Семен Файбисович. Самая радикальная революция. Ресурсы нигилизма и провокации в арте практически исчерпаны. — «Московские новости», 2012, на сайте газеты — 12 марта.
«Сама идея „революционности”, постоянных пощечин мещанству, буржуазности, вере, идея бросать провокационные вызовы публике, всячески „доставать” ее в значительной мере концептуально изжила себя, особенно, как представляется, в здешнем мире, который делится куда скорее на вменяемых и невменяемых, нежели на правых и левых, самодовольного благонравного буржуа и всем недовольного задиристого художника. <...> Вокруг и так слишком мало доброты и участия — света, словом; слишком много злобы и жестокости, оскорблений и наездов, чтобы еще подбрасывать этих дровишек посредством „художественных вызовов”».
«Кто бы спорил, что добро пошло, но ведь никак не более, чем зло! Тем не менее постмодерн в арте дал злу (включая ползучую индифферентность — его едва ли не самое опасное проявление) добро, а добру (включая неравнодушие и любого рода участие) полностью перекрыл кислород. Я не к тому, чтобы теперь, когда времена меняются, перекрыть кислород негативу, а к тому, чтобы снять наконец вековое табу на жизнеутверждающие высказывания».
«Не вижу сегодня никаких, тем более „неразрешимых”, противоречий между традиционным мастерством, широко понимаемым художественным качеством и поисками все новых ресурсов, языков и технологий высказываний».
«Хочется жить в креативной России». Олег Хлебников считает, что страну спасет средний класс. Беседу вел Игорь Панин. — «Литературная газета», 2012, № 11, 20 марта.
Говорит Олег Хлебников: «По-моему, кроме меня, сейчас почти никто не пишет поэм.
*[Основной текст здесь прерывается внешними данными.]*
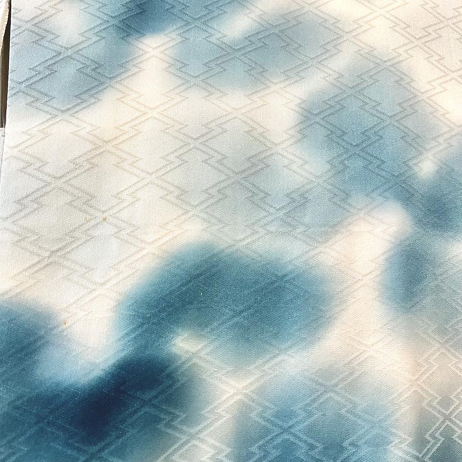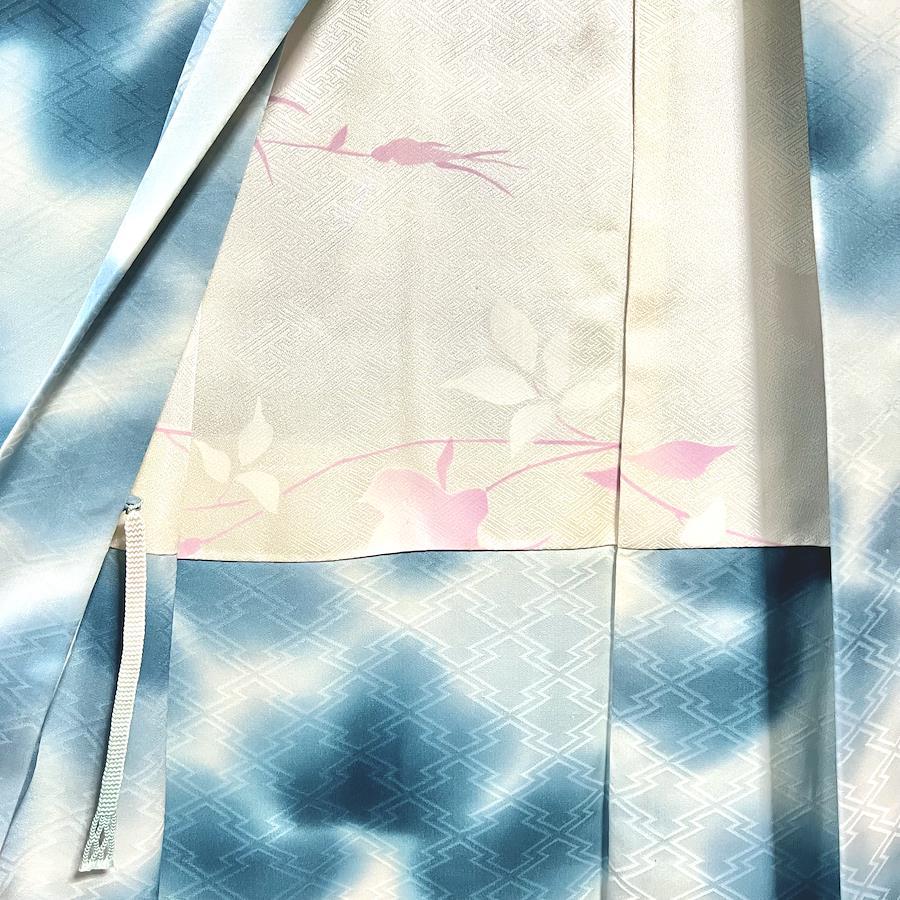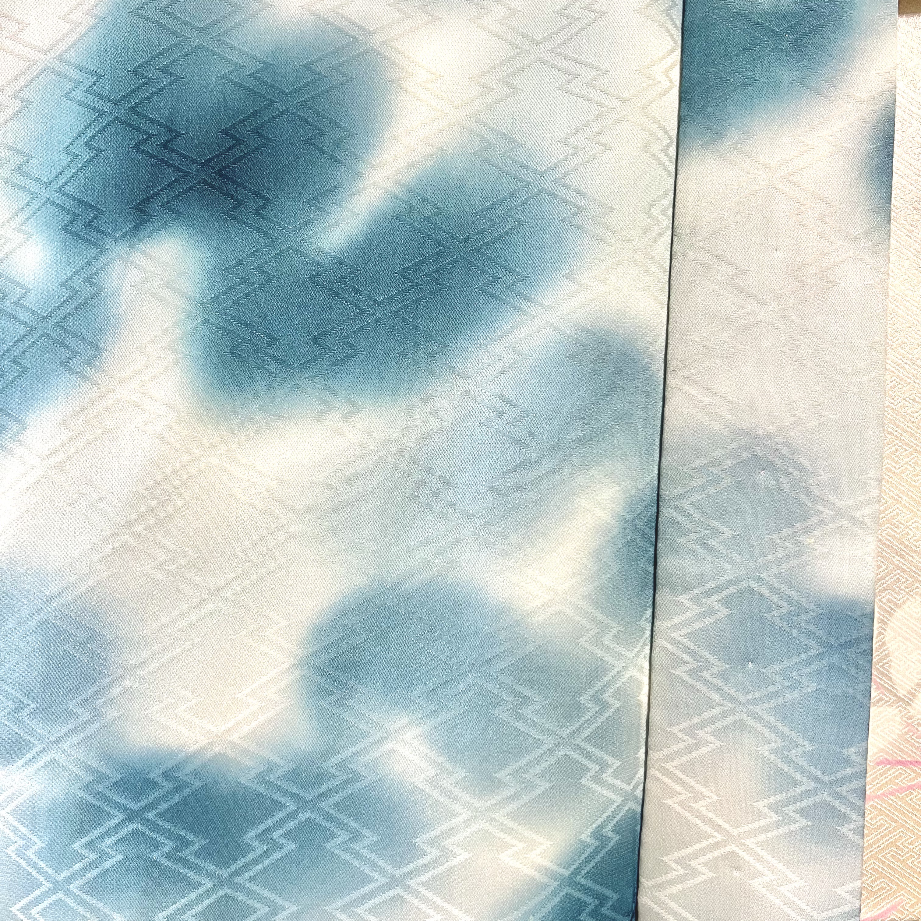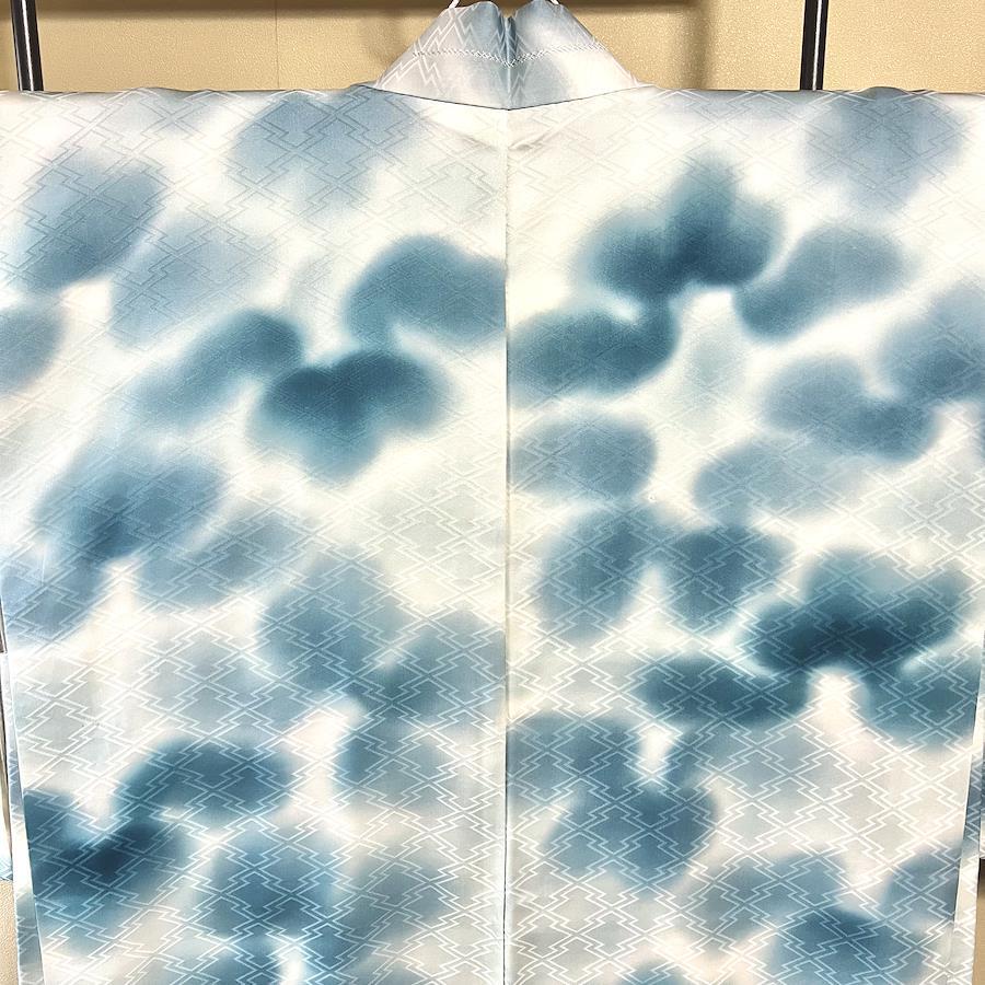 Vintage Haori (Japanese coat) Blue with Gradient and Pine Bark Diamond Pattern
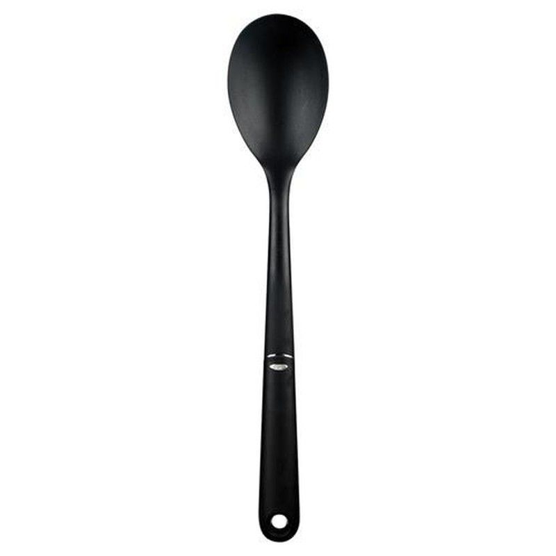Cuchara de cocina de 37 cm en nylon negro, ideal para mezclar, servir y cocinar sin dañar ollas y sartenes. Diseño ergonómico de OXO Good Grips para mayor comodidad y agarre seguro. Resistente al calor y fácil de limpiar. Perfecta para uso diario en cualquier cocina.
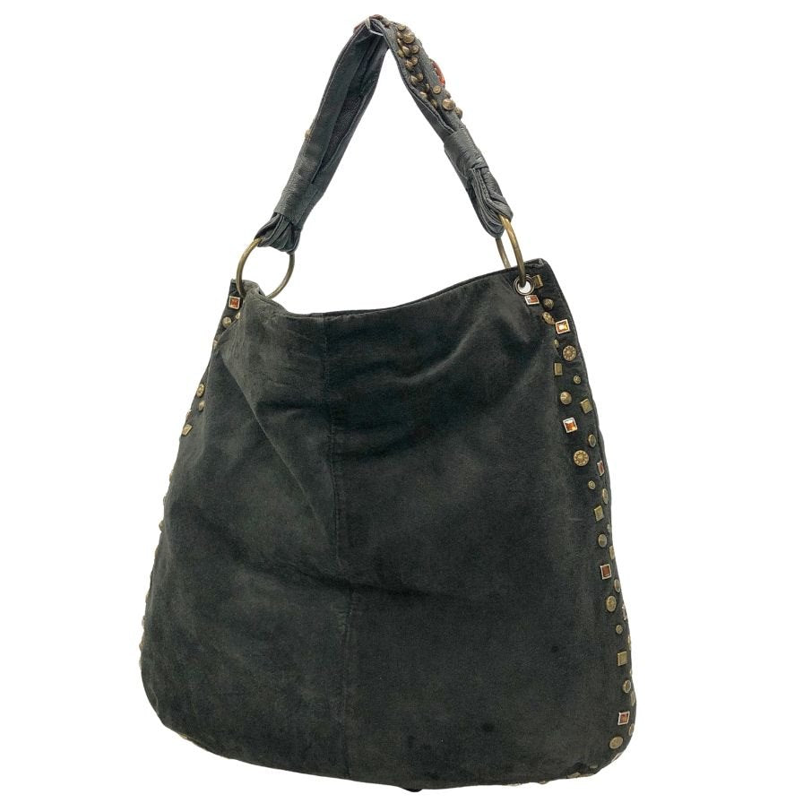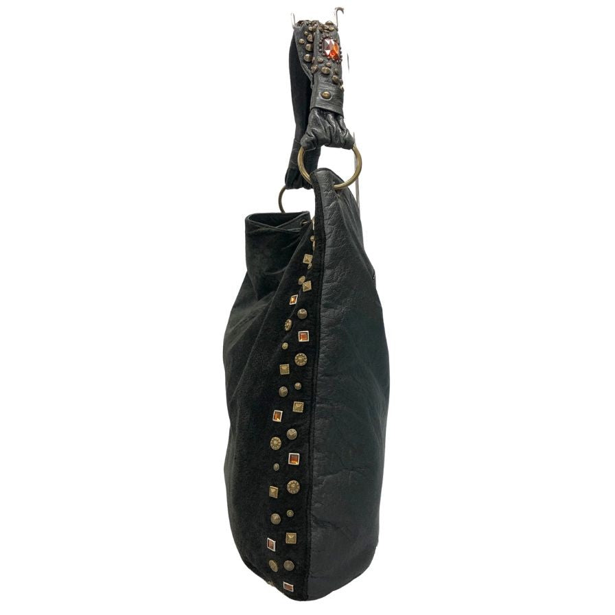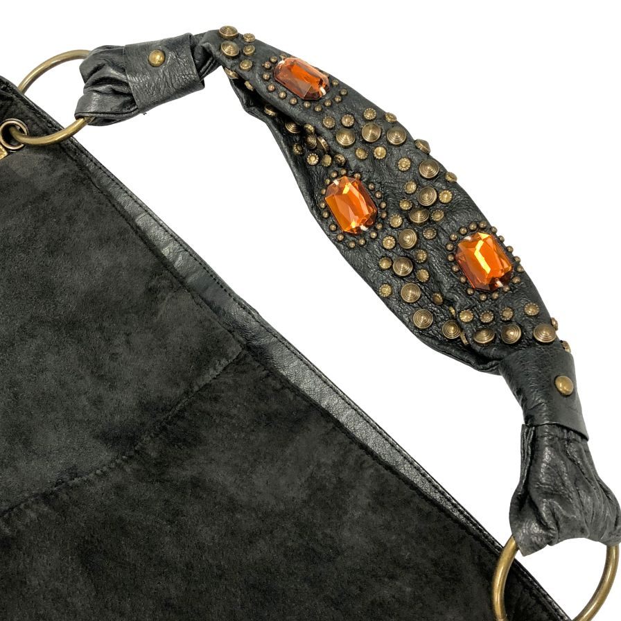 カブキ レザー ハンドバッグ スタッズ レザー×ヌバック レディース ブラック kABUKi【AFE4】

А я продолжаю заниматься этим бесперспективным делом. Зато, когда находишься внутри поэмы, испытываешь счастье. Причем продленное. Если стихотворение — миг любви, то поэма — по крайней мере ночь, а может, и несколько. Сейчас я почувствовал, что из моих тринадцати поэм (тринадцатую — „На небесном дне” — закончил только что) складывается что-то вроде романа в поэмах. Не из всех — войдут всего семь-восемь, зато внутренний сюжет будет просматриваться. Конечно, хотелось бы, чтоб у этого странного и уж точно не востребованного нашим временем произведения все же нашлись внимательные читатели».
Чем ответственней, тем свободней. — «Фома», 2012, 7 марта < http://www.foma.ru >.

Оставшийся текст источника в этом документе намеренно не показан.